Jeffrey Nuccetelli was the third military UAP witness in the hearing, a sixteen-year Air Force veteran, testifying under oath that “Between 2003 and 2005, five UAP incidents occurred at Vandenberg Air Force Base, home to the National Missile Defense Project, a top national security priority.”
But the signature man under oath was KLAS’s George Knapp, the UAP journalist. He has long treated this “like a story” as he told Congress, and he has influenced a wave of people like me to take this more seriously. Knapp has won all sorts of awards for non-UAP reporting (he has broken many stories about the mob in Vegas), and he is a capital-J journalist who has investigated UFOs as thoroughly as anyone has the last few decades.

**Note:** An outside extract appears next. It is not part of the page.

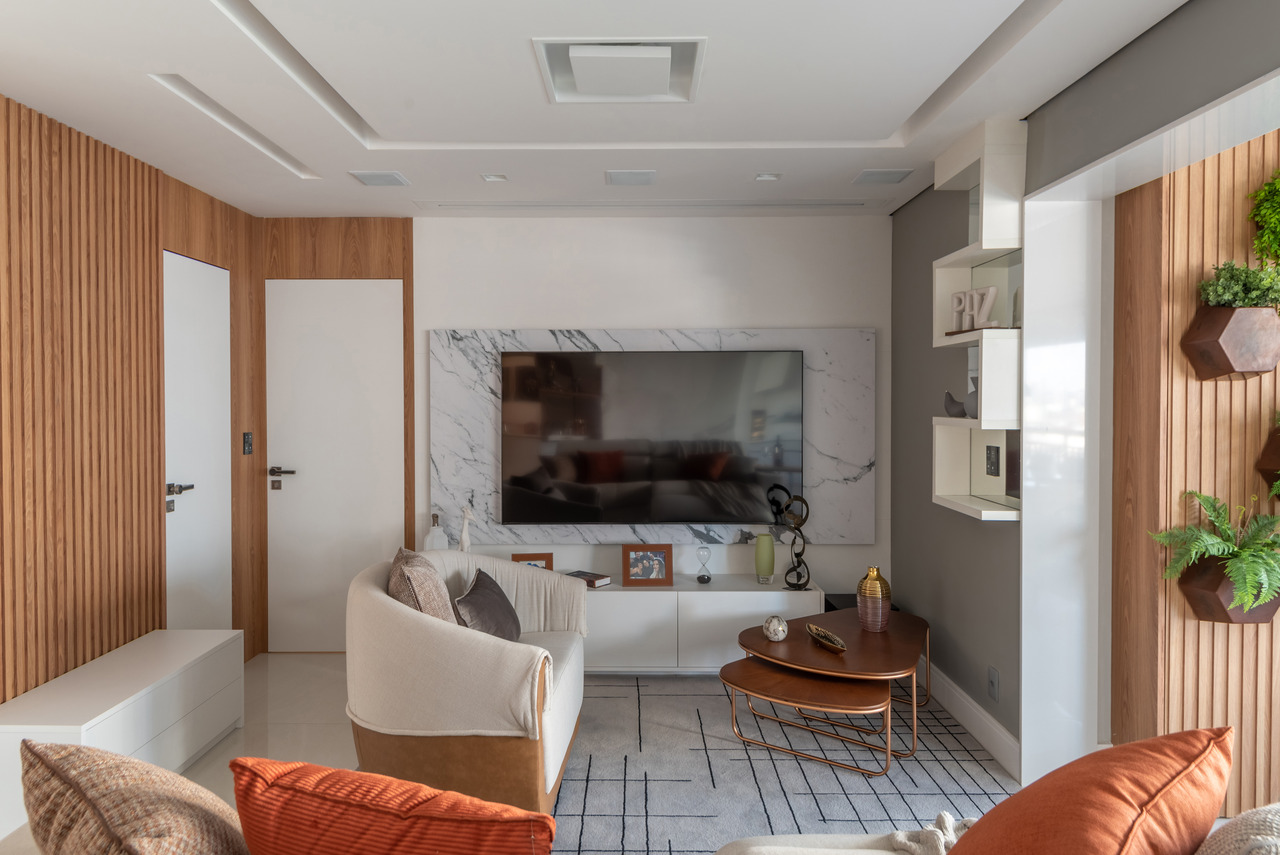 Logo na entrada do apartamento de 176 m², a luz natural invade os ambientes e traz a sensação de fluidez e amplitude, com a integração da área gourmet com o social. Paredes foram revestidas em madeira e em algumas partes com painéis ripados no living, para trazer a sensação de conforto e sofisticação, com revestimento no padrão Calacatta aplicado no painel da TV e também em uma lareira entre as salas.
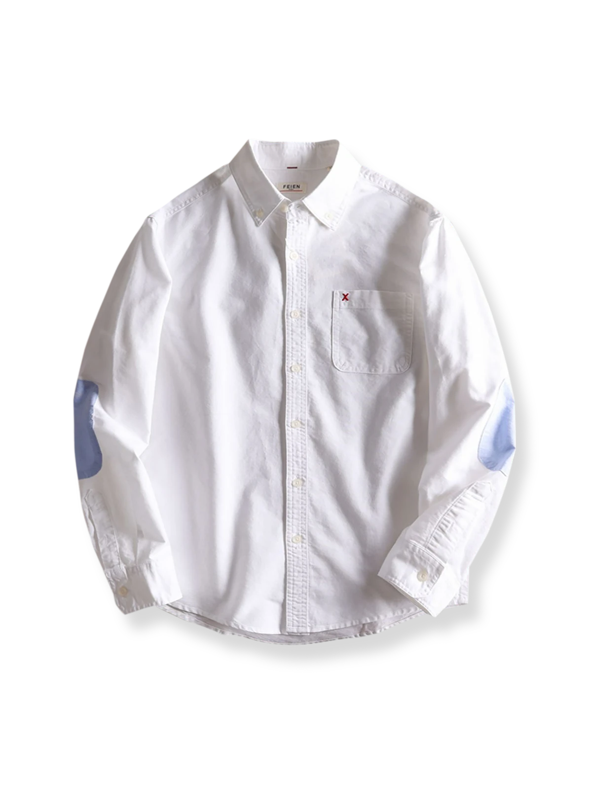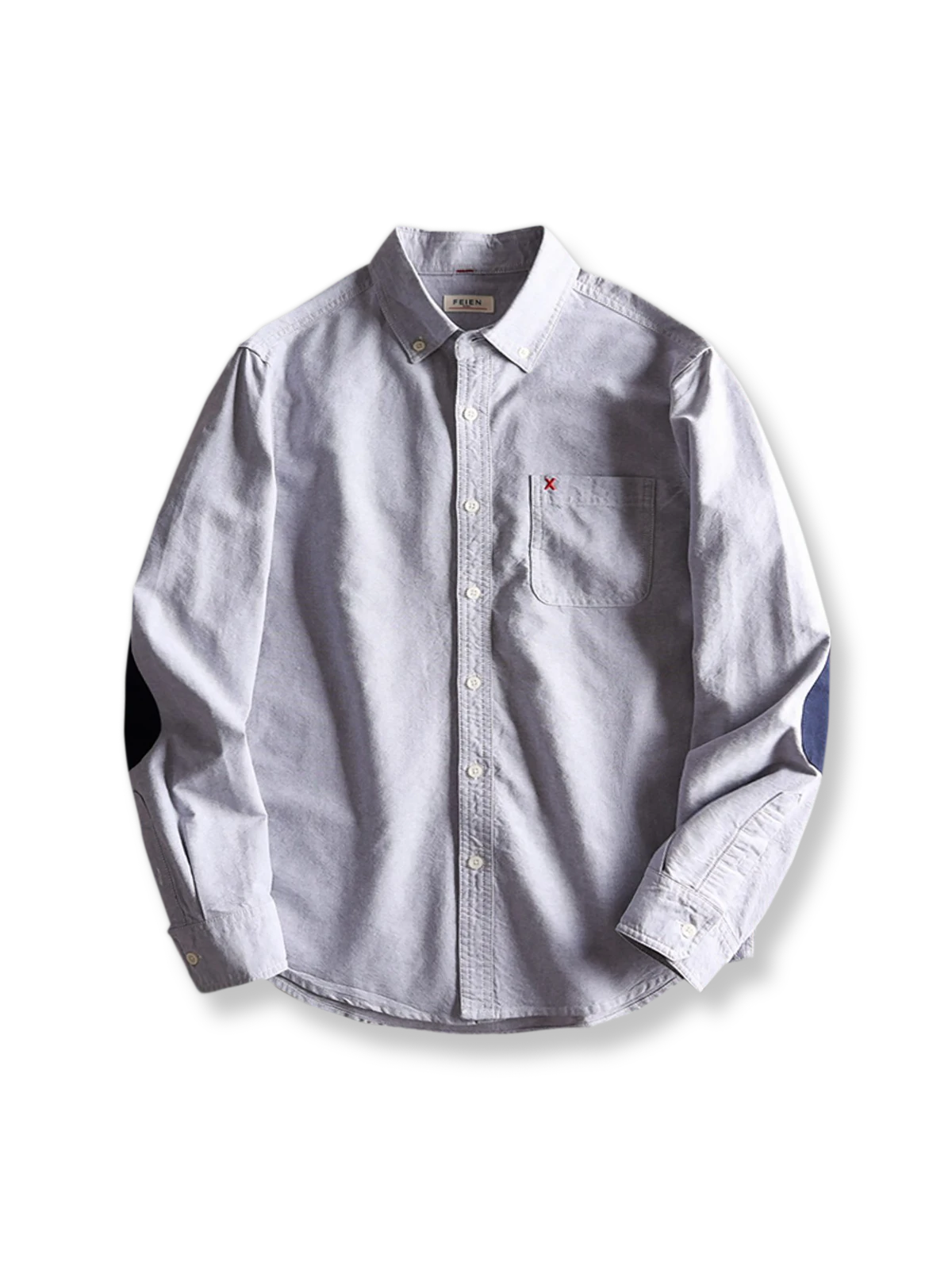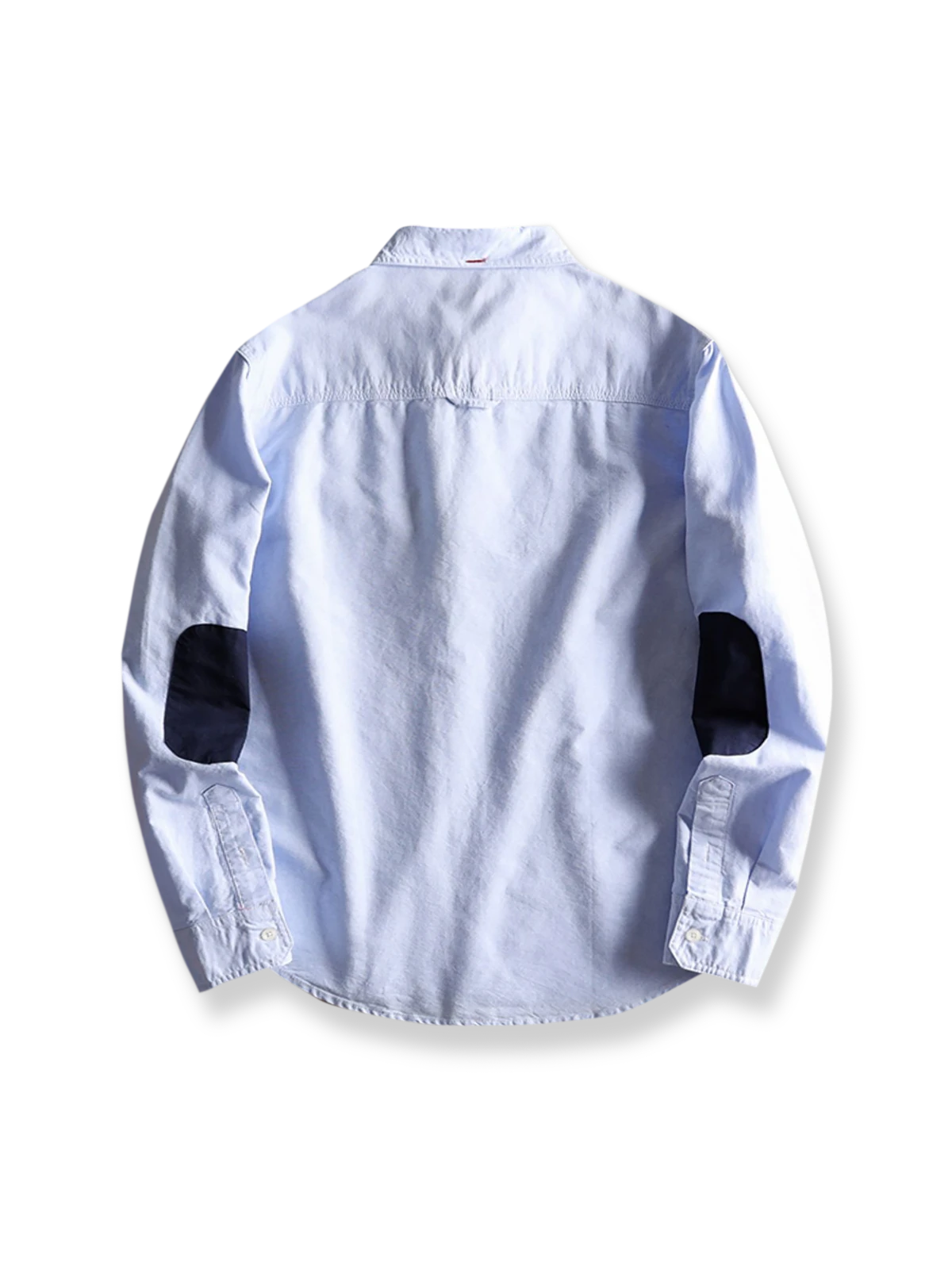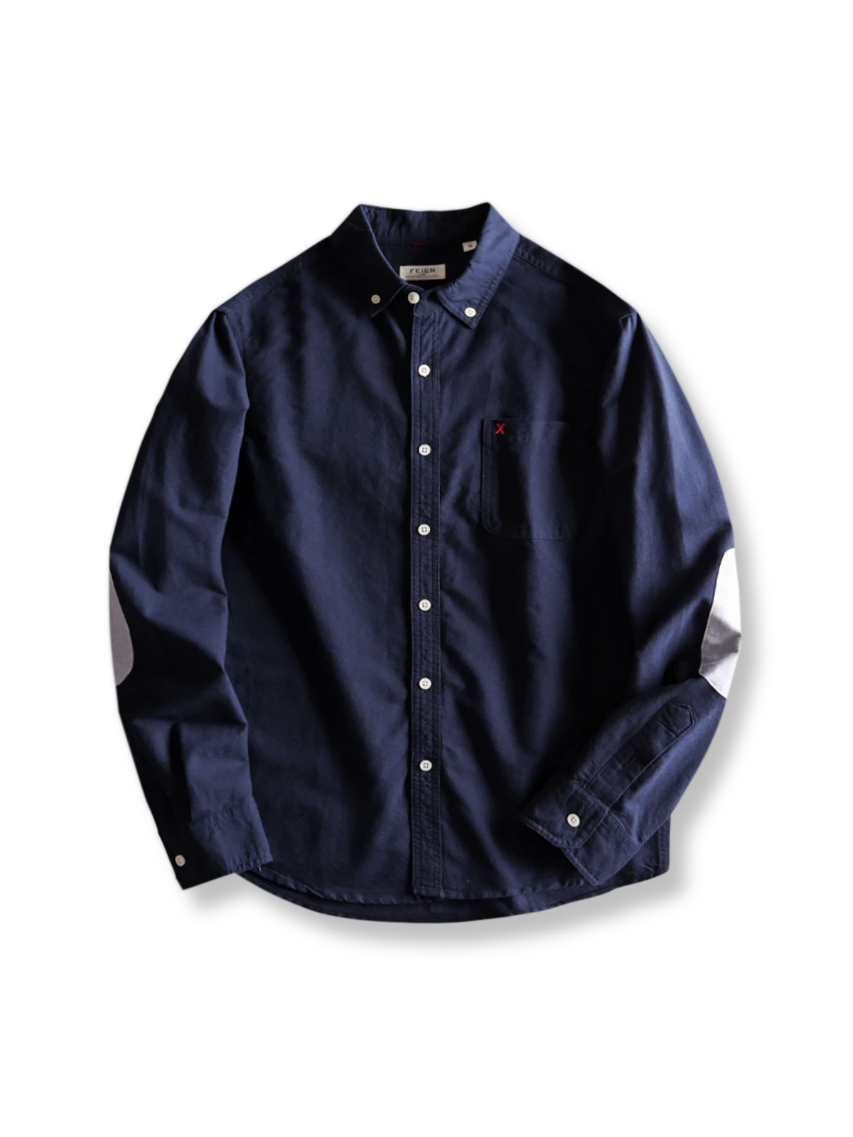 耐久性のある純綿オックスフォード生地を使用しており、シャープな印象とともに、カラーブロックのパッチデザインが洗練されたファッション感を演出します。袖の肘パッチは実用的でありながら、ファッション性も高めています。

And the malfeasance that Knapp and many others have long reported on is this general story: something technological fell out of the skies at some point and the United States government picked it up. It’s advanced well beyond our comprehension, and it has been hidden away inside defense contractors like “Lockheed Martin” according to Knapp, but he also says that these defense contractors are “doing what they were asked to do” by the “CIA I think primarily.” Knapp does not believe that much progress has been made reverse-engineering this exotic technology since the 1940s, because the compartmentalized nature of SAPs does not allow for true scientific study to take place within them.
Knapp believes that these defense contractors who have kept exotic technology hidden inside the byzantine structure of Special Access Programs would “like an off-ramp, that they’d like some help with figuring out this technology at some point.” This all sounds crazy, but we also learned yesterday that Etsy witches might be real, so reality is definitely stranger than we think, and Knapp is far from the only one telling this general story. Dr. Eric W. Davis, a well-respected scientist who has contracted jobs for the government for decades told the New York Times that he briefed a defense department agency in March 2020 about retrievals of “off-world vehicles not made on this earth.”
I’m not saying that this proves the government has recovered crashed UFOs, just that there are a lot of people in and around the government who are pretty certain that we have, and we are not the only ones either.
“The guy who was in charge of that [Soviet] program, Colonel Boris Sokolov, told me that their goal was to basically develop technology that would be superior to anything we had based on what they learned from UFOs,” said Knapp. The veteran journalist detailed a story where he, uh, escorted top-secret documents out of the collapsing Soviet Union in the early 1990s. Knapp submitted them to Congress which he says reveal “almost certainly the largest UFO investigation in the world.”
This is not just an American phenomenon. This is not all some psy-op. There is something strange going on in our skies and seas that countries ranging from the United States to Russia to Brazil have demonstrated a very real interest in for many decades. What this mystery is remains to be seen, but we will never find out if we can’t find a way to protect the people risking their livelihoods to tell us about it. There are a million moving targets in UFO world and most of them are bullshit, but we should never lose sight of the fact that humanity lies at the core of this mystery.